Dual ssh
Even in a difficult case, you can handle file transfers using a single command line, just using ssh ;-)
And this is useful if remote1 cannot connect to localhost :
ssh user1@remote1 'ssh user2@remote2 "cat file"' > file
tar
But you lose the properties of the file (ownership, permissions ...).
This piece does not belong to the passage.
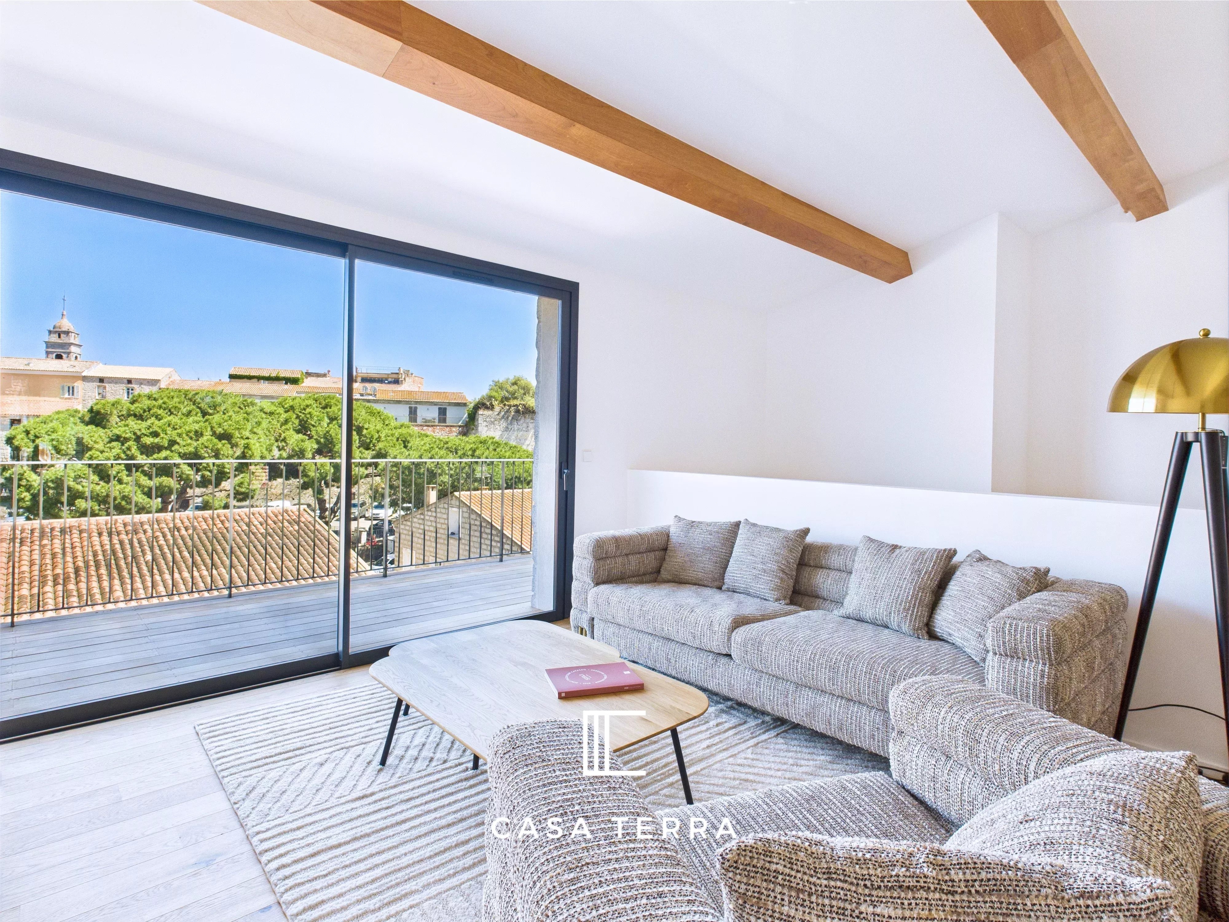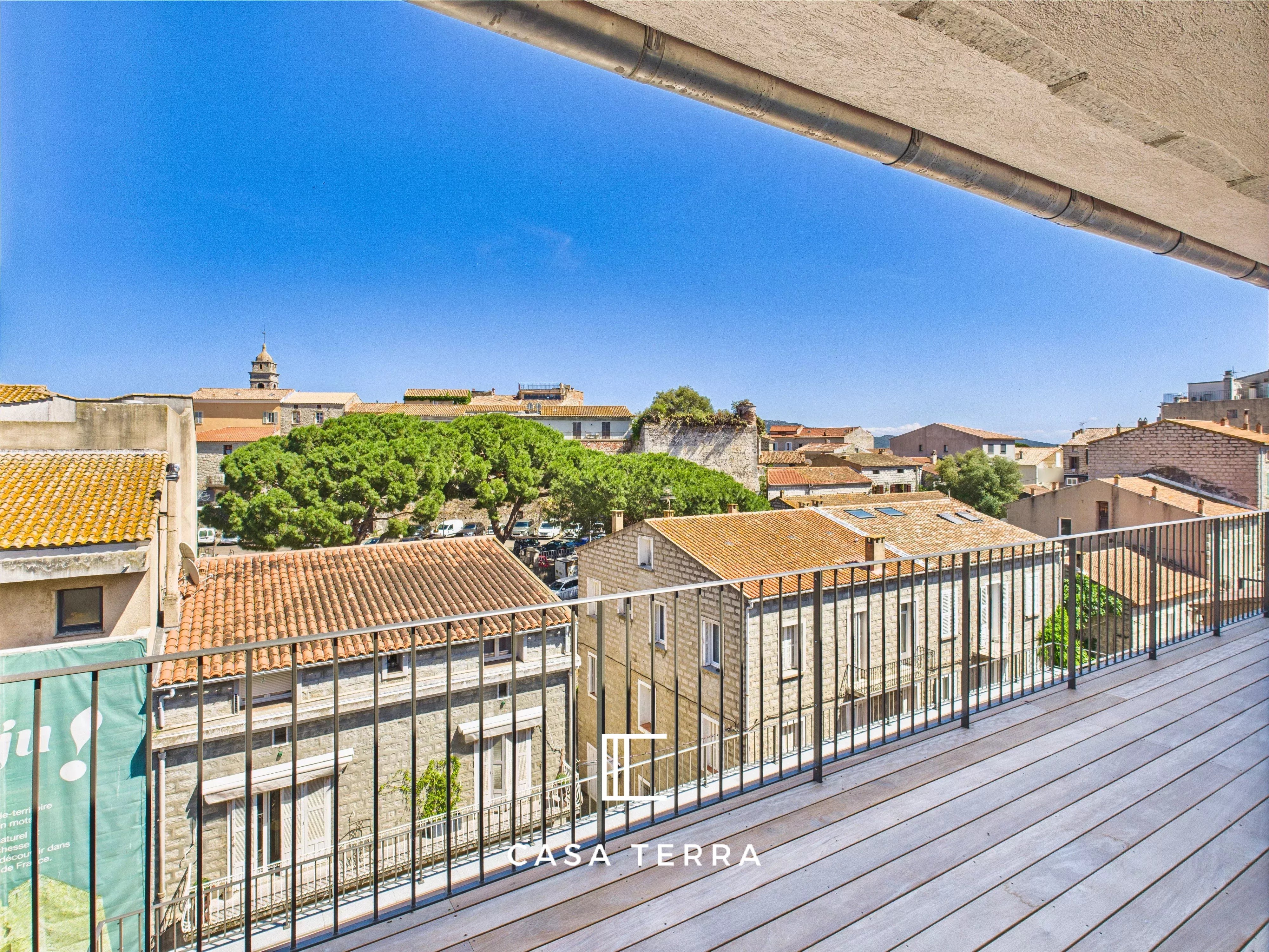 This loft-like penthouse boasts high ceilings in the 52 m² living room, which flows from east to west to let in plenty of light throughout the day, culminating in a splendid view over the Porto-Vecchio golf course and the ramparts of the citadel.

However, tar is your friend to save these file properties:
ssh user1@remote1 'ssh user2@remote2 "cd path2; tar c file"' | tar x
You can also compress to reduce network bandwidth:
ssh user1@remote1 'ssh user2@remote2 "cd path2; tar cj file"' | tar xj
And tar also allows you to migrate a recursive directory through basic ssh :
ssh user1@remote1 'ssh user2@remote2 "cd path2; tar cj ."' | tar xj
ionice
If the file is huge and you do not want to disturb other important network applications, you can skip the network bandwidth limit provided by scp and rsync tools (for example, scp -l 1024 user@remote:file do not use more than 1 Mbps).
But a workaround is using ionice to save one command line:
ionice -c2 -n7 ssh u1@remote1 'ionice -c2 -n7 ssh u2@remote2 "cat file"' > file
Note: ionice may not be available on older distributions.